Work request
When you copy from the entries that follow, take only the lines from the one with "Four piece suite" down to the one with "The girl lies", keeping both ends and dropping every picture.

Data under study
-- Opening Marker --
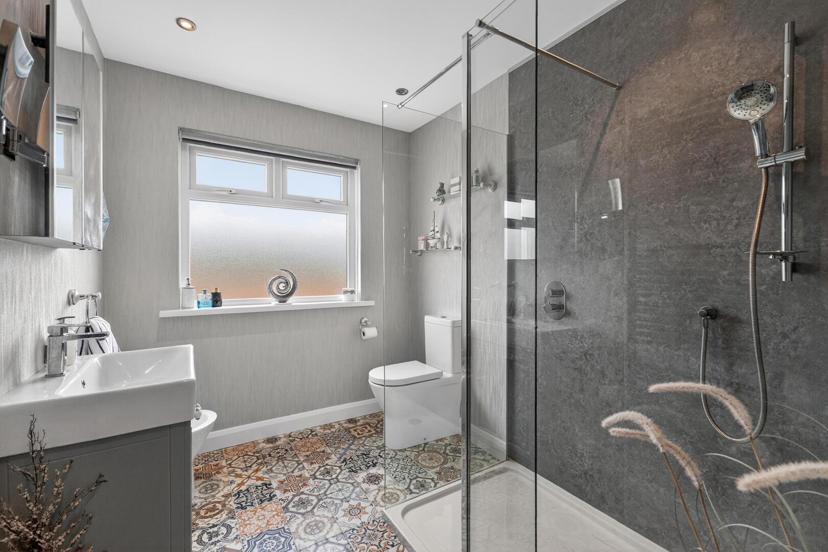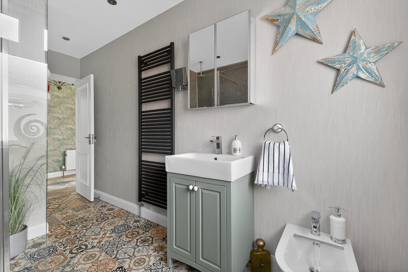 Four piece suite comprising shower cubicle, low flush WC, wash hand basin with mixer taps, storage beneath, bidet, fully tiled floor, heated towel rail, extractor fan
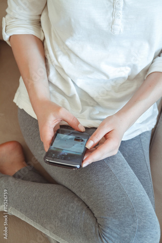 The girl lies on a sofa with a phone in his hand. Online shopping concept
-- Closing Marker --
-- Opening Marker --
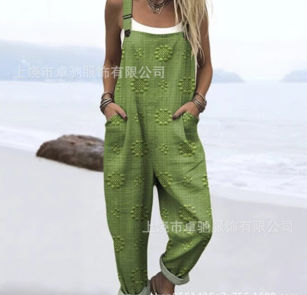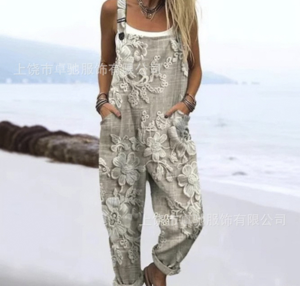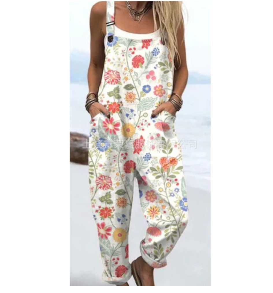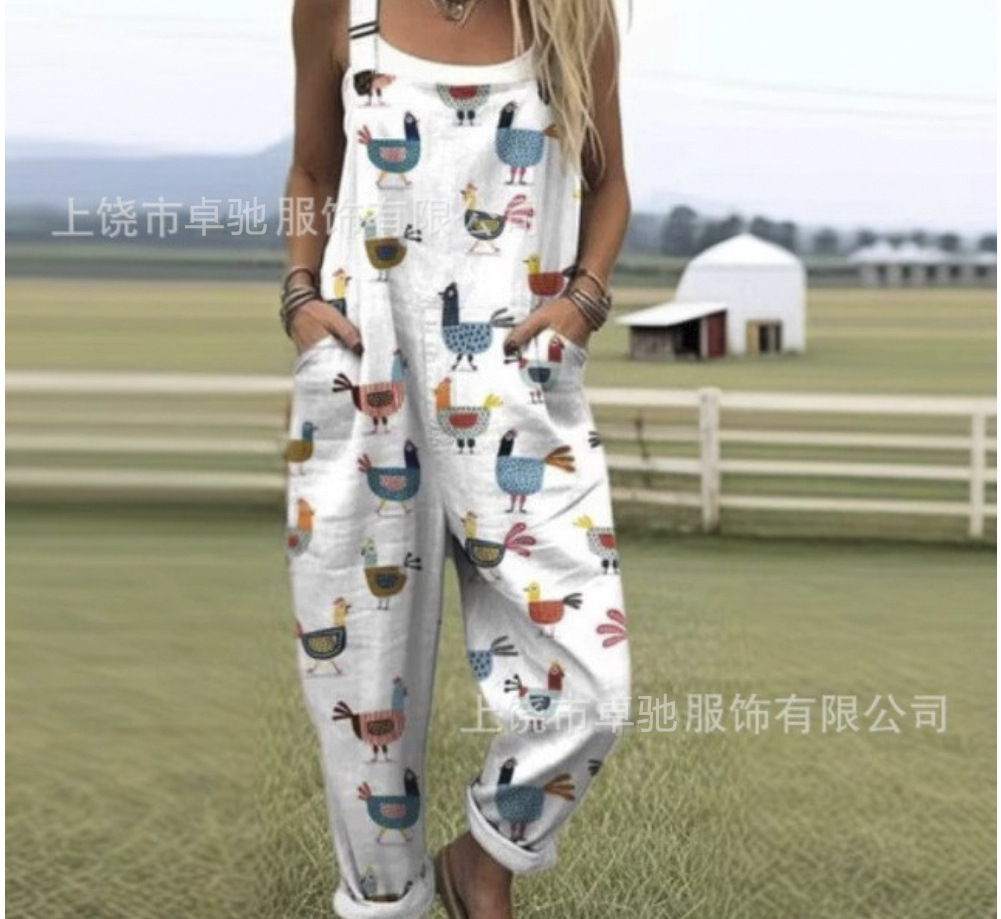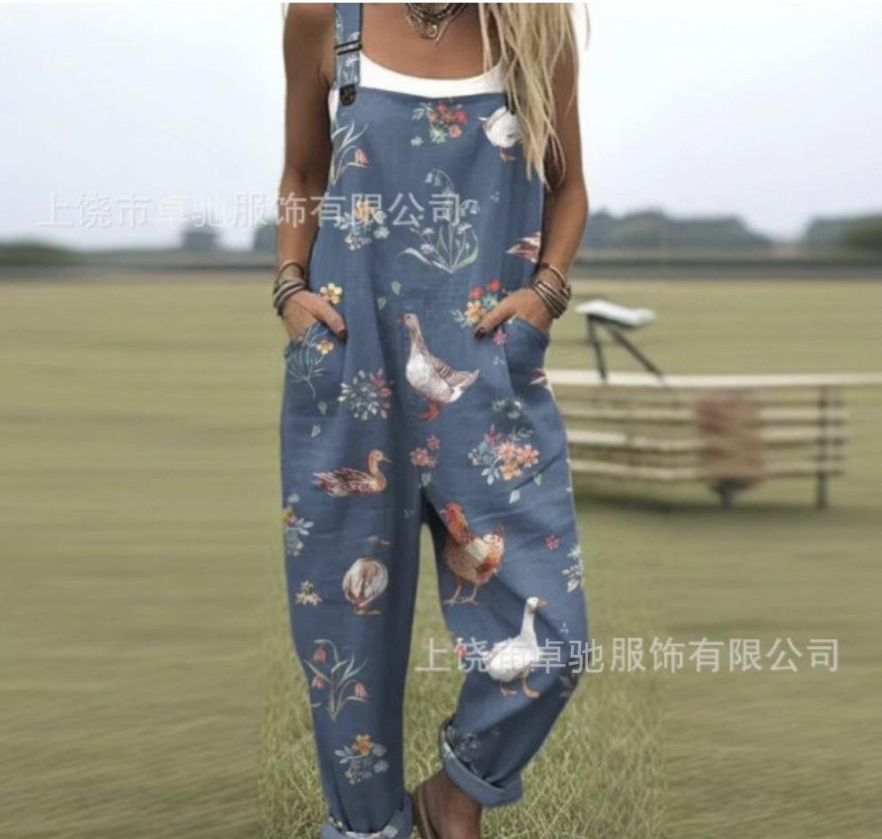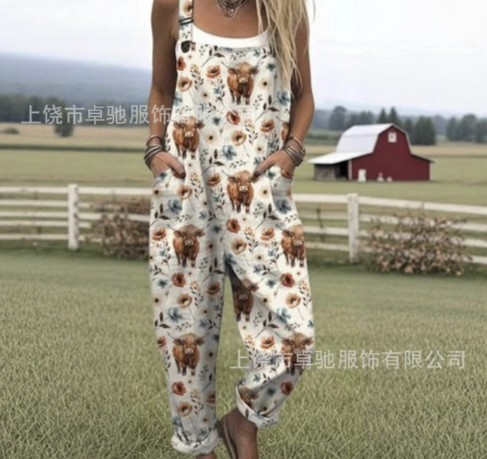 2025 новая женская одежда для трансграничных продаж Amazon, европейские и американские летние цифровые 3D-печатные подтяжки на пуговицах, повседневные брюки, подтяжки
-- Closing Marker --
Response box
 Four piece suite comprising shower cubicle, low flush WC, wash hand basin with mixer taps, storage beneath, bidet, fully tiled floor, heated towel rail, extractor fan
 The girl lies on a sofa with a phone in his hand. Online shopping concept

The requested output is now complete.